═══ MATERIAL SHOWN ═══

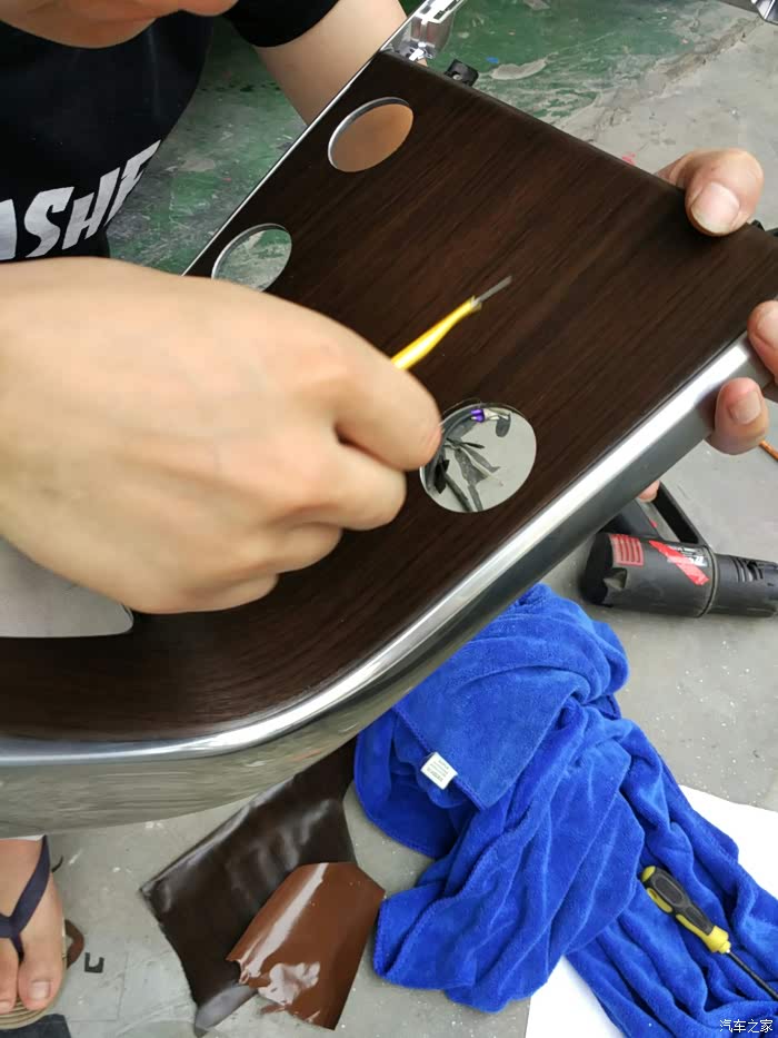 有了车友探路,顿时来个兴趣,虽然对这位车友选择的木纹颜色不敢恭维,手工技术不甚熟练,但创意不错。这年头,不就创意最挣(sheng)钱么!
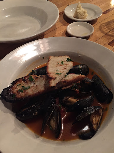 Our group sat at a long table in the middle of the room. The chairs were incredibly uncomfortable. Hard metal with no cushion and the way the back met the seat, I had metal bars pressing into my kidneys all night. Not particularly pleasant. The music drove me insane all evening. There was a guy playing a guitar and singing and it was way too loud. I couldn't hear anyone sitting around me and it made conversation very difficult. The waiter was standing right behind me telling us about the specials and I could barely hear what he was saying. It made for a difficult dining experience because we were all basically yelling at each other to be heard.
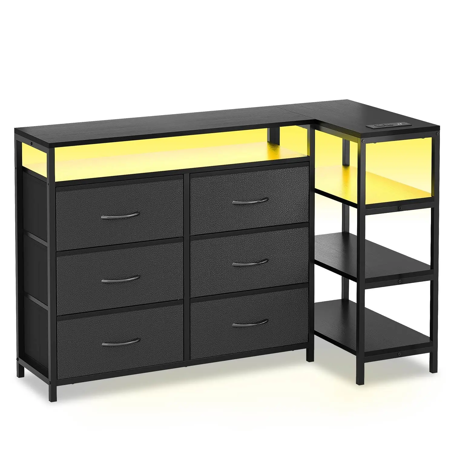 Choose 44.3 inch corner dresser or 53.5 inch long tv stand: L Shaped dresser is perfect for tucking into a corner,53.5 inch long tv stand is suitable for TV up to 60" . The 4 tier open storage rack can be placed left or right to your needs.Kindly note that the storage shelf can be used as an individual product.
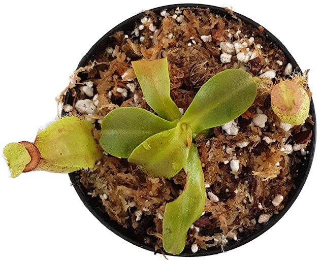 Nepenthes spathulata x ampullaria ist eine sehr interessante Hybride, die in einer weiten Temperaturspanne gedeihen kann.
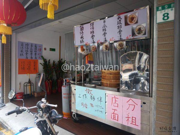 お店はこんな感じ。台南料理のお店らしい。店頭にある屋台には、店頭のスペースを一部貸し出している貼り紙がありました。
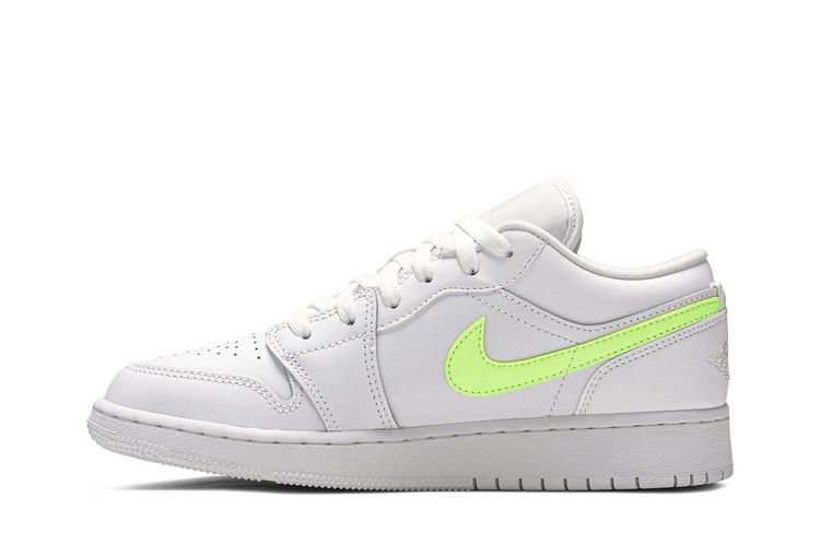 The Air Jordan 1 Low White Neon GS has a low-cut silhouette inspired by the original Air Jordan 1 basketball shoe, designed for grade school children.

═══

▶ **ACTIVITY**: All of the entries above should be copied exactly, except for the pictures.

▶ **SOLUTION FOR THIS EXERCISE**:
 有了车友探路,顿时来个兴趣,虽然对这位车友选择的木纹颜色不敢恭维,手工技术不甚熟练,但创意不错。这年头,不就创意最挣(sheng)钱么!
 Our group sat at a long table in the middle of the room. The chairs were incredibly uncomfortable. Hard metal with no cushion and the way the back met the seat, I had metal bars pressing into my kidneys all night. Not particularly pleasant. The music drove me insane all evening. There was a guy playing a guitar and singing and it was way too loud. I couldn't hear anyone sitting around me and it made conversation very difficult. The waiter was standing right behind me telling us about the specials and I could barely hear what he was saying. It made for a difficult dining experience because we were all basically yelling at each other to be heard.
 Choose 44.3 inch corner dresser or 53.5 inch long tv stand: L Shaped dresser is perfect for tucking into a corner,53.5 inch long tv stand is suitable for TV up to 60" . The 4 tier open storage rack can be placed left or right to your needs.Kindly note that the storage shelf can be used as an individual product.
 Nepenthes spathulata x ampullaria ist eine sehr interessante Hybride, die in einer weiten Temperaturspanne gedeihen kann.
 お店はこんな感じ。台南料理のお店らしい。店頭にある屋台には、店頭のスペースを一部貸し出している貼り紙がありました。
 The Air Jordan 1 Low White Neon GS has a low-cut silhouette inspired by the original Air Jordan 1 basketball shoe, designed for grade school children.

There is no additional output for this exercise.